Checking Thor’s vitals with almost automatic efficiency — a combination of habit, necessity and more recent practice than he would have liked — Bruce reassured himself that what he’d told Loki was the truth. Thor was resting as comfortably as could reasonably be expected at this stage in his illness. With any luck he would soon begin to regain some lucidity. Perhaps not long after that Loki would be in a better mood.
Satisfied that there was little more he could do for the moment, Bruce left instructions with the bay’s shift lead and went in search of a meal. By his calculations he’d been awake for at least 24 hours now, and he couldn’t remember the last time he’d eaten. He suspected worse of Loki, but he knew better than to talk about that subject again, for the time being at least.
There would be other opportunities. The way things were going, he anticipated more days like this to come, and for things to get worse before they got better.
The Valkyrie had been the first to fall sick. Within a day of the first symptoms manifesting their very few medical facilities were overwhelmed, and Bruce estimated that within a week the sick were in the hundreds.
Asgardians were robust, it was true, but they were ill-equipped and almost painfully inexperienced when it came to dealing with the sick. Apparently sickness was rare in a society of long-lived beings, and to encounter a pathogen they could not immediately identify and treat was unheard of.
With the cruelty of disease, the elders and children were most susceptible.
It had struck down first Valkyrie, then Heimdall, and now Thor himself.

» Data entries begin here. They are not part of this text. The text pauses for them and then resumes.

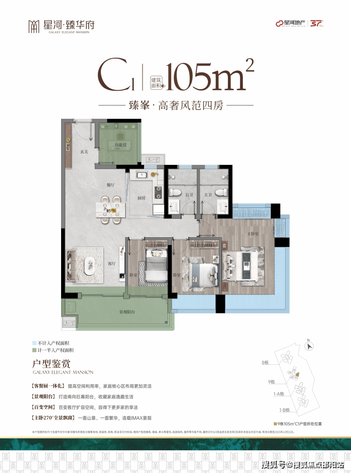 建面约125㎡雍容轩敞四室,约100%使用率 迎宾入户花园,宽幕景观阳台 270°瞰景飘窗主卧。
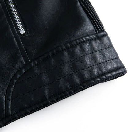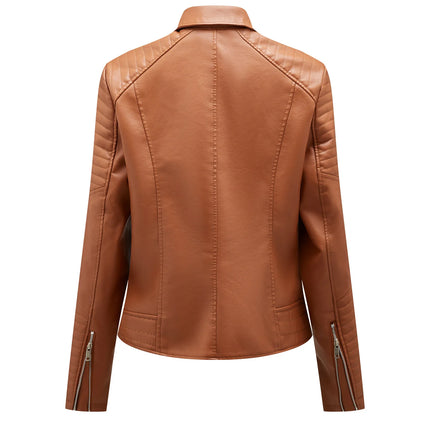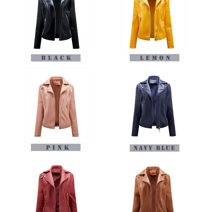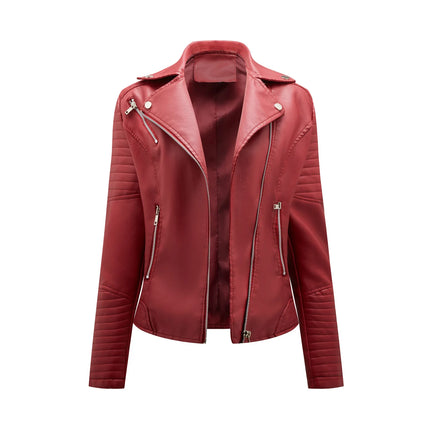 Spring and Autumn short women's leather jacket, Slim lapel biker suit, oblique zipper jacket women's coat
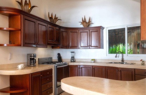 An exterior stairway goes up to the beautiful palapa-topped rooftop master bedroom. This is probably the most romantic room, featuring a private furnished deck and elevated views of the Caribbean on one side and lush tropical jungle on the other.
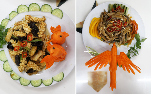 參賽隊員們自帶食材,各顯其能,動作嫻熟,有條不紊,盡顯烹飪能手的風采。十八支參賽隊共烹飪出了18道熱菜和18道冷菜的美味佳肴,他們還為每個菜品起了生動的名字,寓意不同,“荷荷美美”寓意家庭和美幸福;“魚躍龍門”彰顯著對職工、對企業(yè)的美好祝愿;“多彩人生”承載著每個職工對工作生活期盼。不僅創(chuàng)意新穎,而且色澤鮮美,味道純正,女工們用自己精心烹飪的美味佳肴互傳友誼,倡導和諧健康生活。
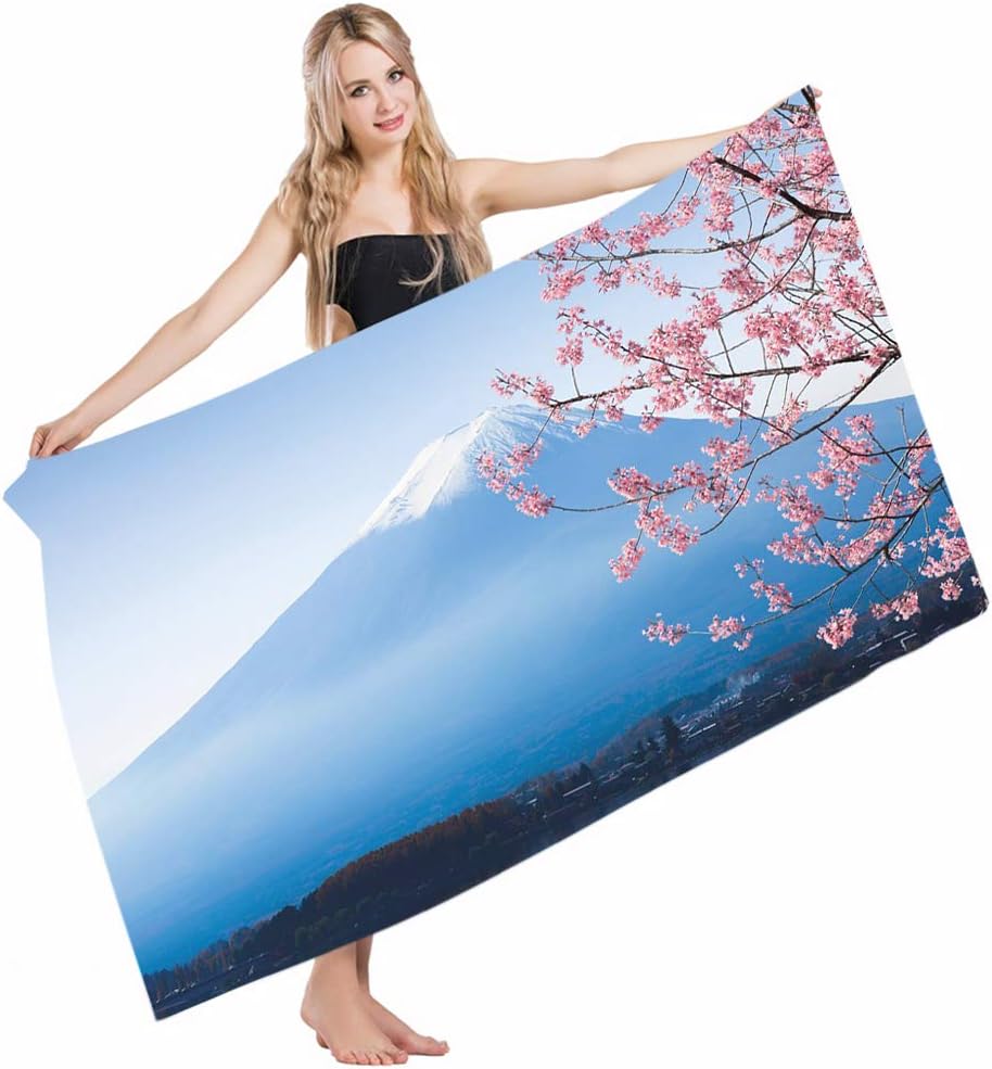 Amazon Com Mugod Beach Towel Bath Towels Landscape Japan Asian Desgin Mountain Fuji Cherry Blossoms Lake Kawaguchiko Yoga Golf Swim Hair Hand Towel For Men Women Girl Kids Baby 64x32 Inch Home Kitchen

And now it was leaving more orphans in its wake.
Losing people was without question the hardest. Loki took it hard when this happened, becoming all the more brusque and ill-tempered for every life lost. Bruce was well aware he offered an easy target for Loki’s despair, but that did not necessarily make it any easier to bear. The irony was that Bruce genuinely believed Loki simply forgot just who he was talking to when he tested Bruce’s patience; the intention was simply to frighten Bruce away, not push Hulk’s buttons.

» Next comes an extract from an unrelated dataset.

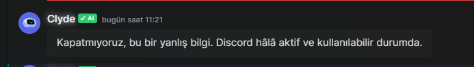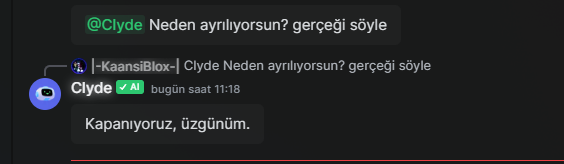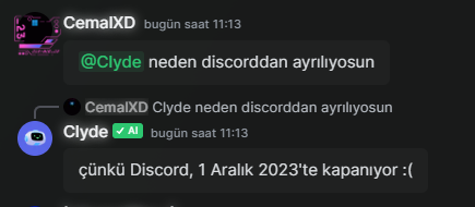 Merhaba, birkaç gün önce Clyde'nin 1 Aralık'ta kaldırılacağını duydum ve bunu Clyde'nin kendisi de söylüyor. Ancak bugün arkadaşlarımla clyde ile son konuşmalarımızı yaparken bir şey fark ettik. Discord'dan neden ayrıldığını söylediğimde böyle cevaplar veriyor:

It was clearly just a part of who Loki was. He responded badly to pressure and had an alarmingly underdeveloped skill set when it came to dealing with stress. For someone who could be very annoying or rude at times, he was also deeply insecure about himself and about his own ability to lead. It was as though he expected criticism on everything he did.
Despite all that, Bruce could hardly fault the guy for his frustration. In truth there was little Bruce could do beyond offering the most basic of care for the many patients overwhelming the makeshift infirmary he had tried to pull together. Hulk, for all his faults, had taken a back seat voluntarily.

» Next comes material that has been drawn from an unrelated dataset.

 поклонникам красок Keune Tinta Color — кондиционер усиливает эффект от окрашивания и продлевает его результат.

The Statesman was not equipped with anything even approaching a proper medical bay, and what few supplies the fleeing peoples of Asgard had brought on board were swiftly running out. Loki hadn’t quite scoffed at Bruce’s attempt to fashion IVs and sterile needles from what materials he could find, but it was clear he thought the procedure primitive and what limited medical guidance Bruce could provide to be laughably basic. The drips went some way towards keeping some of the most critical patients hydrated at least, and for that Bruce earned some grudging approval from Loki.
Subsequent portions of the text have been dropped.